Source material:
★ ★ ★ ★ ★ ★ ★
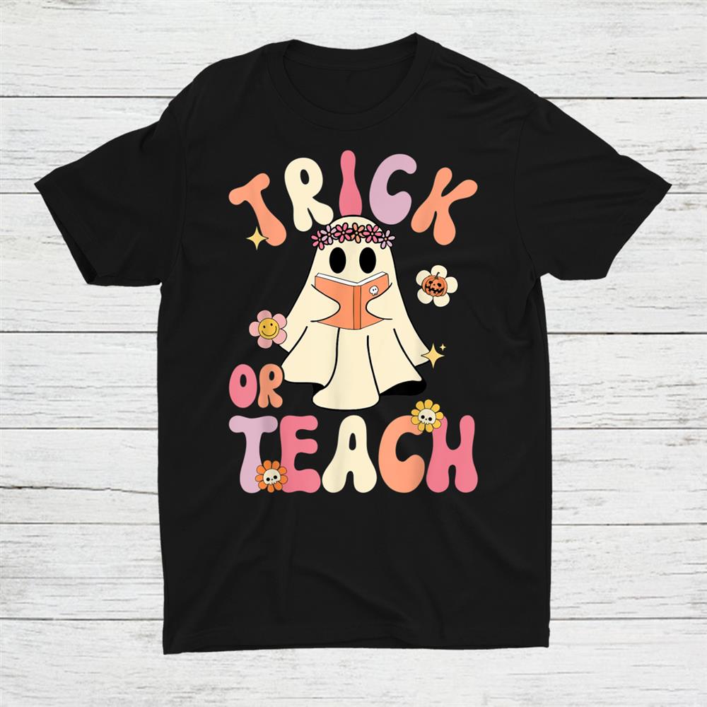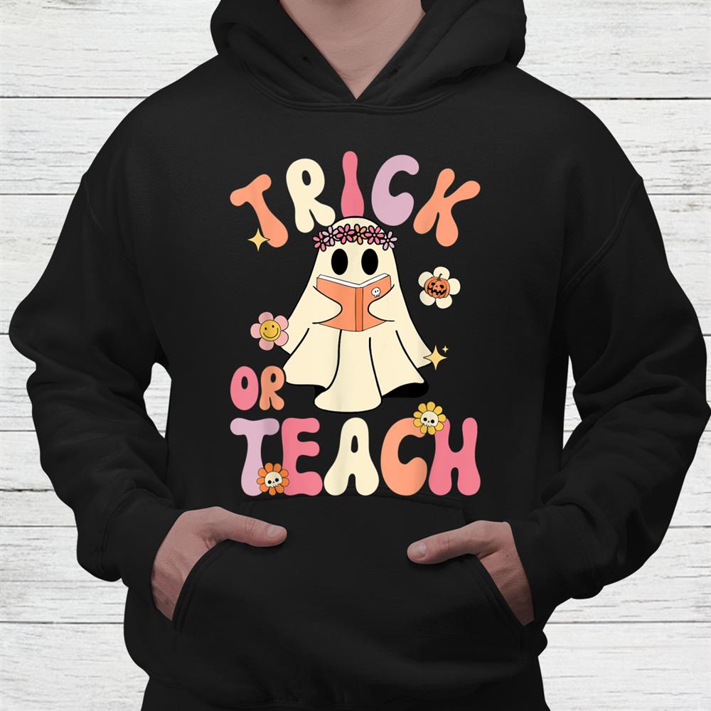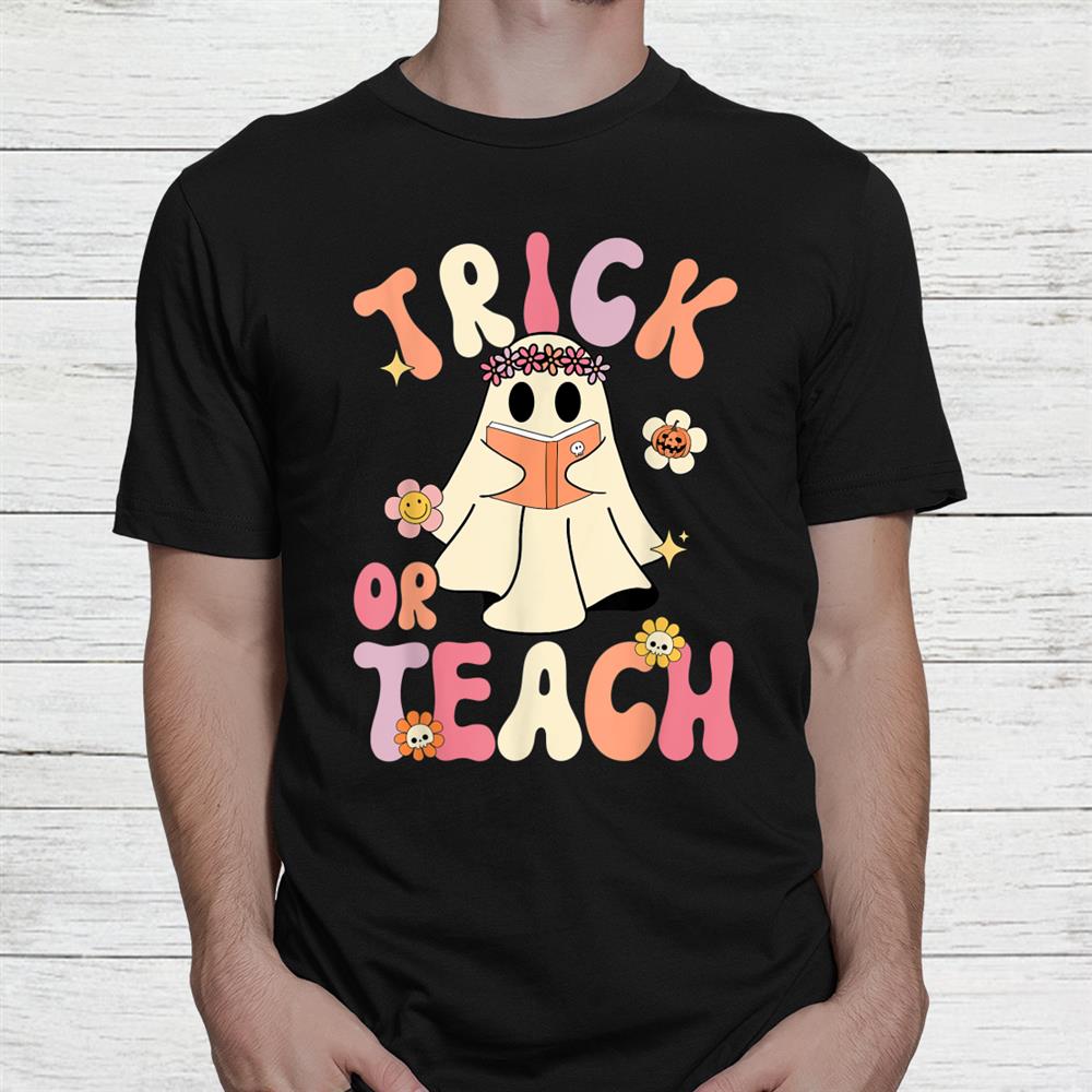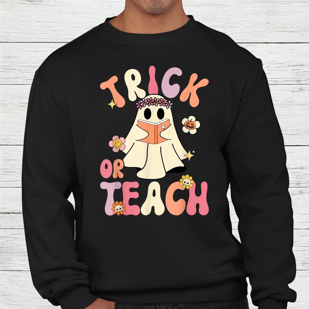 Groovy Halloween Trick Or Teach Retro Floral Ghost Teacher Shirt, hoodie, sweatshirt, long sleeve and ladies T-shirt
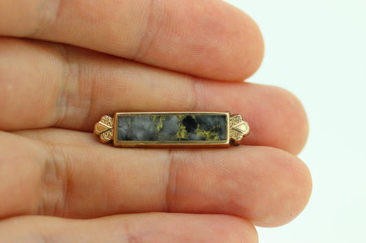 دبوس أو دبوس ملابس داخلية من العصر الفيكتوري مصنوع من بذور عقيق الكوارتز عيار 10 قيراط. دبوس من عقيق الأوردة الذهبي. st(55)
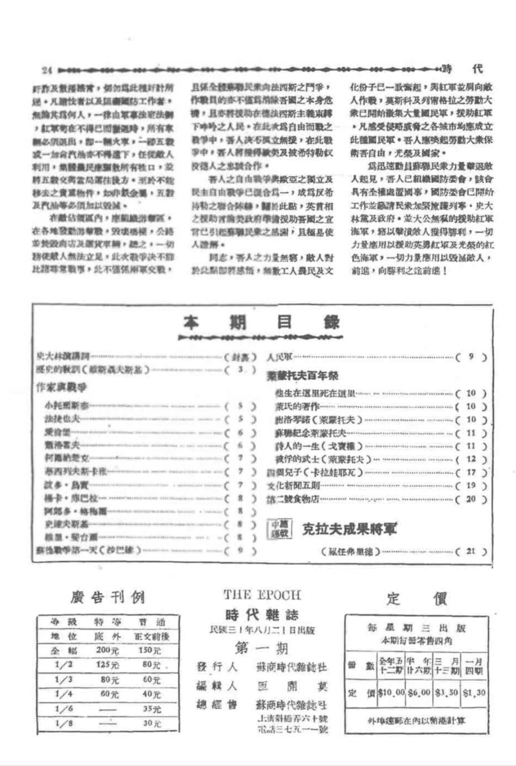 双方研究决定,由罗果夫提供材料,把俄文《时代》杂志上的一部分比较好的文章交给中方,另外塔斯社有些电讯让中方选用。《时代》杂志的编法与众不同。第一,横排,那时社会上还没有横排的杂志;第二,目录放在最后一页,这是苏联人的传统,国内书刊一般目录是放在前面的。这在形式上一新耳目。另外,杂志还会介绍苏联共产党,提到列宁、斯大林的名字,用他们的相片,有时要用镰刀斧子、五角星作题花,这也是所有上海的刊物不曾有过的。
★ ★ ★ ★ ★ ★ ★
Task to carry out:
Write out the material exactly as it stands, omitting every picture.

Response for this exercise:
 Groovy Halloween Trick Or Teach Retro Floral Ghost Teacher Shirt, hoodie, sweatshirt, long sleeve and ladies T-shirt
 دبوس أو دبوس ملابس داخلية من العصر الفيكتوري مصنوع من بذور عقيق الكوارتز عيار 10 قيراط. دبوس من عقيق الأوردة الذهبي. st(55)
 双方研究决定,由罗果夫提供材料,把俄文《时代》杂志上的一部分比较好的文章交给中方,另外塔斯社有些电讯让中方选用。《时代》杂志的编法与众不同。第一,横排,那时社会上还没有横排的杂志;第二,目录放在最后一页,这是苏联人的传统,国内书刊一般目录是放在前面的。这在形式上一新耳目。另外,杂志还会介绍苏联共产党,提到列宁、斯大林的名字,用他们的相片,有时要用镰刀斧子、五角星作题花,这也是所有上海的刊物不曾有过的。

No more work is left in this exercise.